About Me

Sydney, New South Wales, Australia

Monday 11 April 2016

USA tour wrap (1) - and a new world record holder!!!

Well, that was fun!

Now that I’m safely back in the country, and fully recovered from a 30+ hour flight from San Francisco to Sydney (via Charlotte, New York and Abu Dhabi), I need to bring you up to date on one of the highlights of my three week USA trip - my visit to the wonderful Galloping Ghost arcade in the suburbs of Chicago on Easter Sunday, 27 March 2016.

There’ll be a little more colour in the next post, but for now, I’ll just run through the details of how it went on the day.

I arrived at the arcade shortly after opening time (around 11:30am) and paid my $US15 fee for the day - after having established that their Pengo machine was in fact working. In the first session of play, my game scores were as follows:

86,990 - dying in Act 12
232,540 - Act 11 (a new Galloping Ghost arcade record - the previous being c.160,000)
227,180 - Act 9
348,080 - Act 12 (another new Galloping Ghost arcade record)
103,230 - Act 13
108,790 - Act 13

After that, I thought I needed a break, so I went across the road to Tony’s Diner for a bite to eat. It turned out to be a multi course feast with mountains of food accompanied by half a dozen bread rolls, a bottomless cup of coffee, and a huge slice of carrot cake with icing which I had to ask them to bag up so I could try and eat it later. Assuming, of course, I’d one day be able to finish digesting the food I’d just consumed. No complaints, though. It was an excellent meal at an even more excellent price.

After I waddled back to the arcade, the games went as follows - pretty much without a break:

130,930 - dying in Act 15
186,370 - Act 7
122,890 - Act 14
115,000 - Act 14
118,440 - Act 14
314,590 - Act 5
256,850 - Act 14
261,130 - Act 12
112,400 - Act 14
385,620 - Act 12 (a third new Galloping Ghost arcade record)
455,340 - Act 9 (a new Aurcade world, and Galloping Ghost arcade, record).

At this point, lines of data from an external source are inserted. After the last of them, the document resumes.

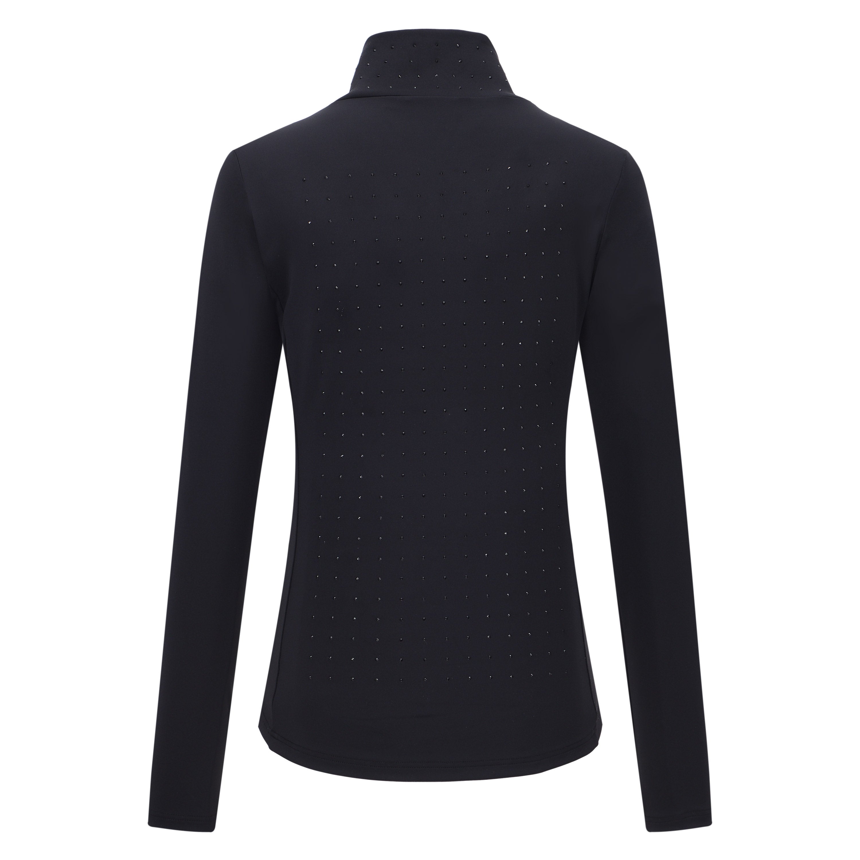 Turn heads and sparkle from stable to saddle with the IRH-Belle Sparkle Top. Designed for the confident rider who blends glamour with functionality, this sophisticated long-sleeved top effortlessly combines equestrian elegance with contemporary fashion. With dazzling rhinestones adorning the front panel for a subtle shimmer, and a chic half-zip design with collar stand, it's perfect for riders who want their style to reflect their individuality and passion for riding. Enhanced by the subtle touch of a metallic star coin at the left hem, every ride becomes an occasion to shine.
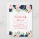 Den marina blåa, vita och Rosan Modern och Elegant Blommigt Watercolor Vår bröllop Inbjudningskort för möhippa - innehåller vacker och elegant manustypografi med moderna botaniska blommor och grön för att den speciella bruden ska vara firande.
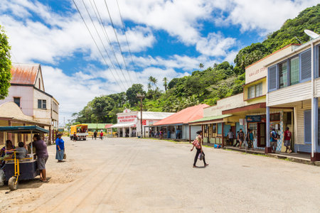 Levuka, Fiji - Jan 9 2015: Colourful vibrant street of old colonial capital of Fiji - Levuka town, Ovalau island, Lomaiviti archipelago, Fiji, Melanesia, Oceania, South Pacific Ocean. UNESCO heritage.
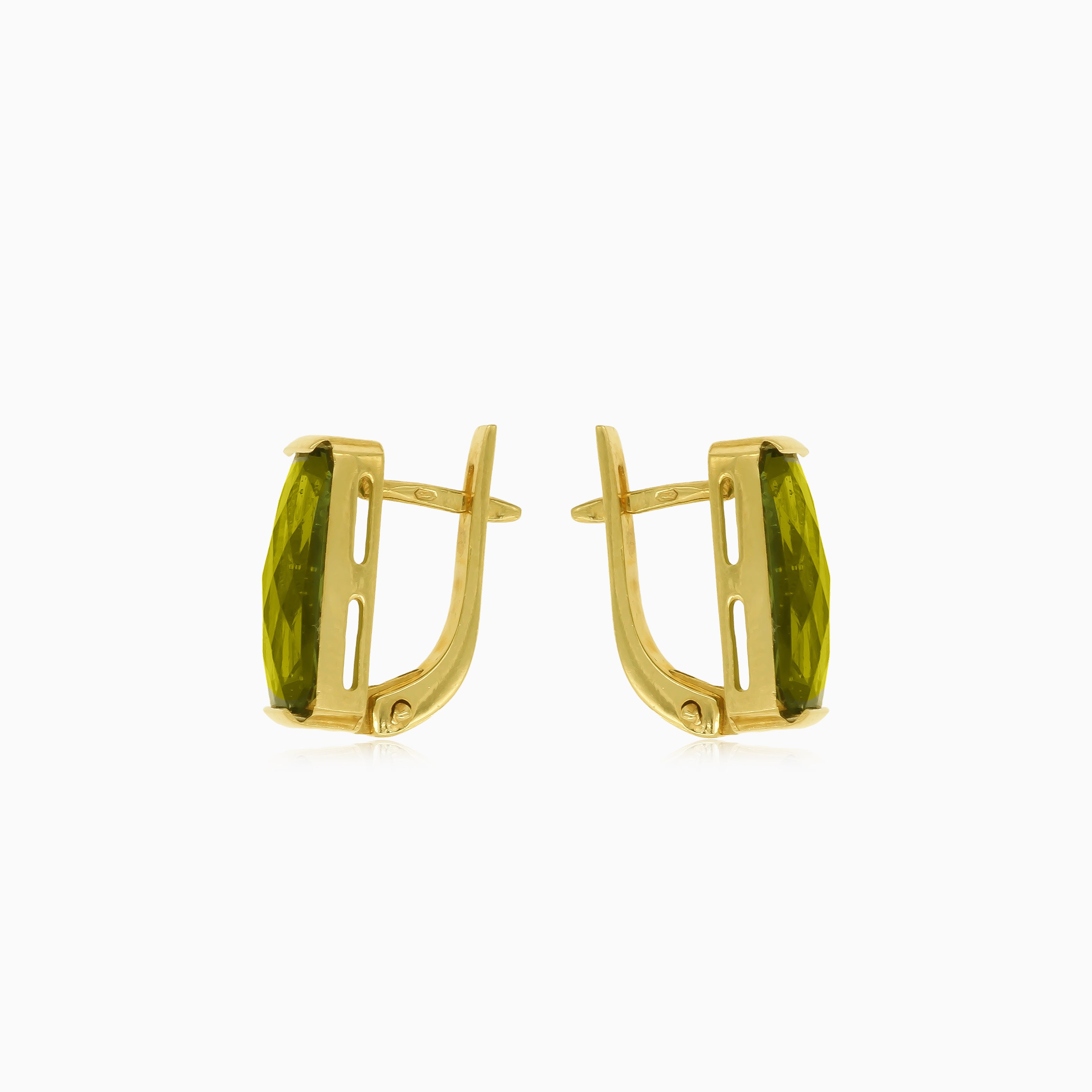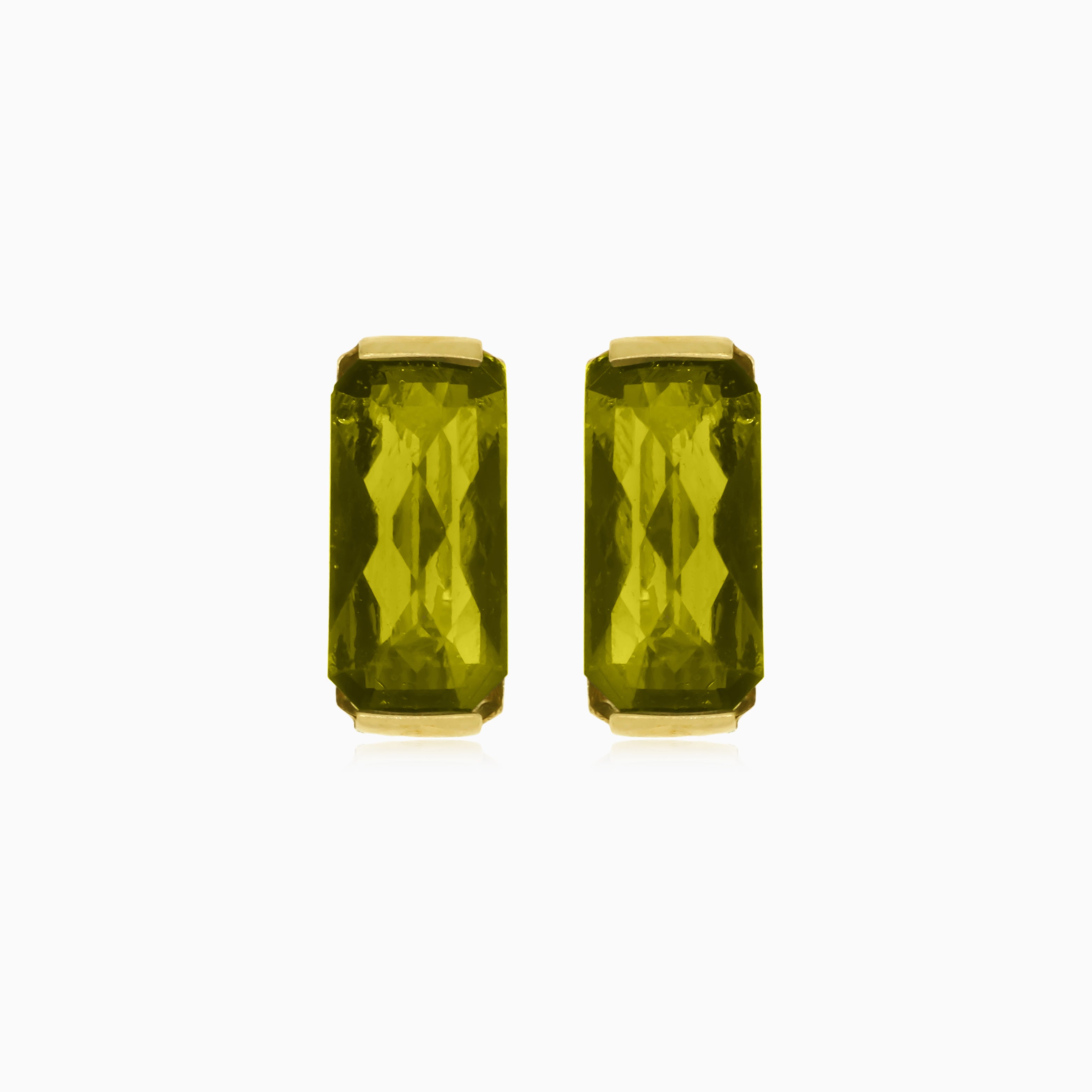 Adorn yourself with the radiant aura of these drop earrings featuring moldavite in a rectangular radiant-cut. The bar setting in 14kt yellow gold enhances the luminescent charm, and the secure latch-back closure ensures both style and comfort. Elevate your look with the celestial radiance of these exquisite earrings.
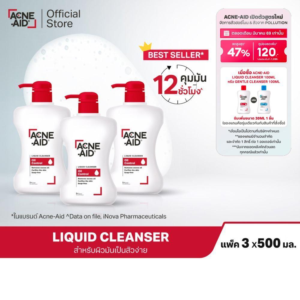 [ส่งฟรี] ACNE-AID LIQUID CLEANSER 500 ML x 3 แอคเน่-เอด ลิควิด เคลนเซอร์ สำหรับผิวมัน เป็นสิวง่าย 500 มล X3
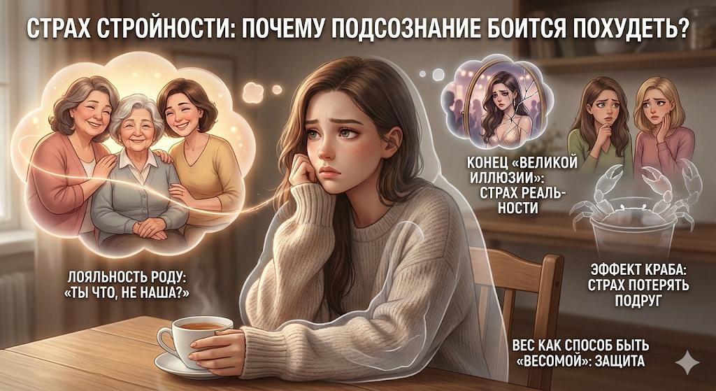 Мы привыкли думать, что стройность — это сплошные бонусы: здоровье, красивая одежда, уверенность. Кажется, ну кто может бояться стать лучше? Но правда в том, что многие из нас годами буксуют на месте, потому что подсознательно боятся похудеть.Вес — это не просто жир. Это социальный щит, способ выживания и даже способ чувствовать себя «своей». Давайте разберем, что же такого ценного мы боимся потерять вместе с лишними килограммами. 1. Лояльность роду: «Ты что, не наша?» В системной психологии есть понятие «родовой лояльности». Представьте семью, где бабушка, мама и тетя — женщины «статные», крупные. В этой семье полнота — признак здоровья, достатка и принадлежности к клану. Если вы решите стать стройной, ваше подсознание может прошептать: «Если я стану тонкой, я стану чужой. Я буду выглядеть как предательница, которая отрицает свою породу». Стать стройной в такой семье — значит заявить: «Я не такая, как вы». А это страшно, потому что базовый инстинкт велит нам быть «в стае», чтобы выжит

Evidently, the previous Aurcade world record for Pengo was around 425,000 so it was a particular relief to get past that mark while I was in town. Happily, the record-breaking game finished around 8:30pm, which gave me just enough time to catch one of the last trains back to Chicago.

Regular readers of this blog will have noticed some significant discrepancies between these scores and the ones I’ve been clocking up at the Milk Bar cafĂ© in Newtown, Sydney over the past couple of years. I noticed it, too, in the very first game.

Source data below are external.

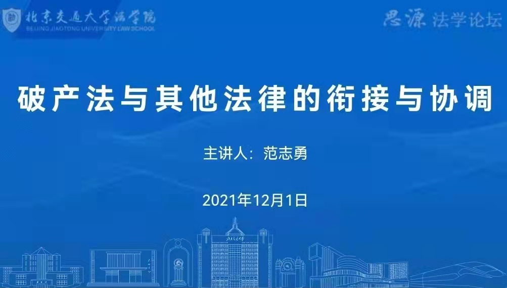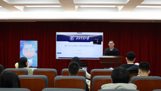 活动之初,李文华老师从中国的破产法的诞生背景与其在现代生活的重要性出发,指出破产法与其他诸多法律具有密切联系。随后,范志勇老师围绕“破产法与其他法律的衔接和协调”的主题,结合自己的研究成果,从历史渊源,制度框架以及新时代、现代化经济体系与破产法的完善等角度向同学们详细介绍了我国企业破产法的体系框架与价值体系,并提出了破产法的相关基本原则。此外,范老师详细介绍了破产法与公司法、保险法、民事诉讼法等诸多法律之间的联系与冲突,为同学们提供了更开阔、更多样的学习方向与研究思路。
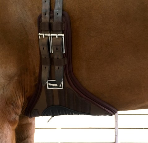 My only tiny complaint is that I wish the impact protection sections went about a half inch further back, since I have a large butt + long femur and therefore a loooong saddle. It fits my 18″ extra forward Devoucoux, but just barely.
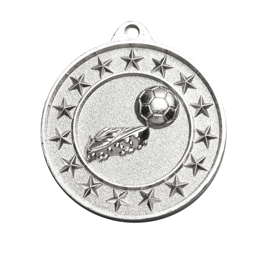 Celebrate football achievement with a durable, 50mm medal, crafted in metal and available in gold, silver, and bronze finishes. The striking high relief 3D design features a football and boot combination, surrounded by star accents that capture the spirit of the game. Ideal for sporting events, this medal offers a customisable engraving plate for professional, memorable recognition.
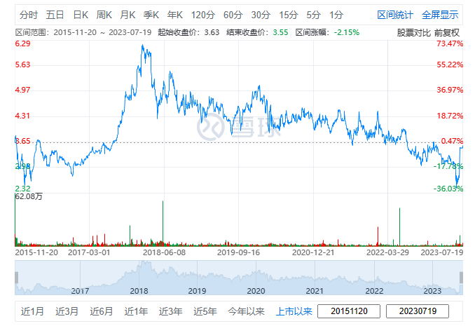 雪球數(shù)據(jù)顯示,達利食品股價自2018年1月達到最高點6.29港元/股后,開始呈現(xiàn)逐漸下跌的走勢,近5年來長期處于每股5港元以下,今年6月1日更是跌到了2.43港元/股,相比最高價的6.29港元/股早已腰斬。
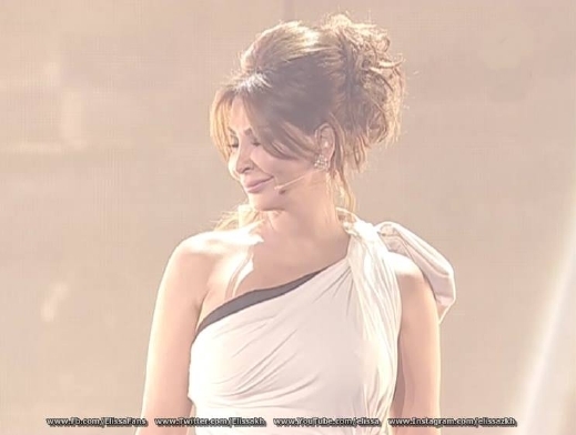 الفستان أبيض اللون من ماركة Lanvin مصنوع من القطن المطاط بكتف واحد من تصميم ألبير الباز، ويتميز بعقدة عند الخصر لتظهر جمالمنحنيات الجسد. من المعروف أن إليسا تشارك في لجنة تحكيم "XFactor" مع النجوم وائل كافوري وحسين الجسمي وكارول سماحة.

For one, the Galloping Ghost machine only has a maximum of four Pengos, not the six I’m accustomed to playing with. There are also several differences in the detail and timing of the game which really took me some time to adjust to. I probably should have played an extra day or two to really get all the kinks ironed out, but as I’ll explain next time, that didn’t happen.

Apart from the GG machine being a stand-up machine where I usually play the table-top version, some of those differences were quite odd. For example, the GG machine refers to each “Act” as a “Round” - or “Rd” - instead of Act in the bottom left corner of the screen. It also doesn’t play the familiar Popcorn tune as the game is underway. In its place, there is some equally irritating, but lovable, tune which I wasn’t able to identify.

The gap between each Act (or ‘Rd’) is also shortened considerably by not having the frame's pattern traced out as the prelude to each Act. The screen just pops up and away you go. The dancing Pengo sequences are still there after each of the even numbered Acts, but even they seemed shortened. All in all, it made it almost impossible to unscrew the top off my waterbottle, take a sip, and then screw the top back on in between Acts. Stuff like this, or unwrapping a starburst chewy, had to be done over two or three Acts.

I also noticed little things that took a long time to get used to. Like a slightly longer time to get past chewed ice-blocks. You seem to stumble on the remnants of them as you move over them, causing a slight reduction in speed. On the plus side, the sno-bees almost never take evasive action when fired at. Even in the later Acts, if you fired at them from a distance and they were in line, they just stopped dead, waiting to be flattened. On the machines I’m used to, they’re just as likely to go into hyperdrive for a short period to evade being squashed.

There’s also no doubt that the GG machine just felt generally faster than the ones I’m used to playing. It’s hard to explain it, but my Act average was consistently much less than the 10,000 points or so I would normally score. It might have had something to do with my caution at playing on the world stage where each game was being recorded. Or maybe it was the jet lag I was still struggling to recover from. Whatever it was, I just felt I had that fraction of a second less time. Mind you, the more I played on the day, the more I was able to adjust and so maybe a 600,000 or 700,000 score might have been a possibility with another couple of days solid play.

As it was, I’ll settle for the 455,340 - and a place in the Aurcade world record books!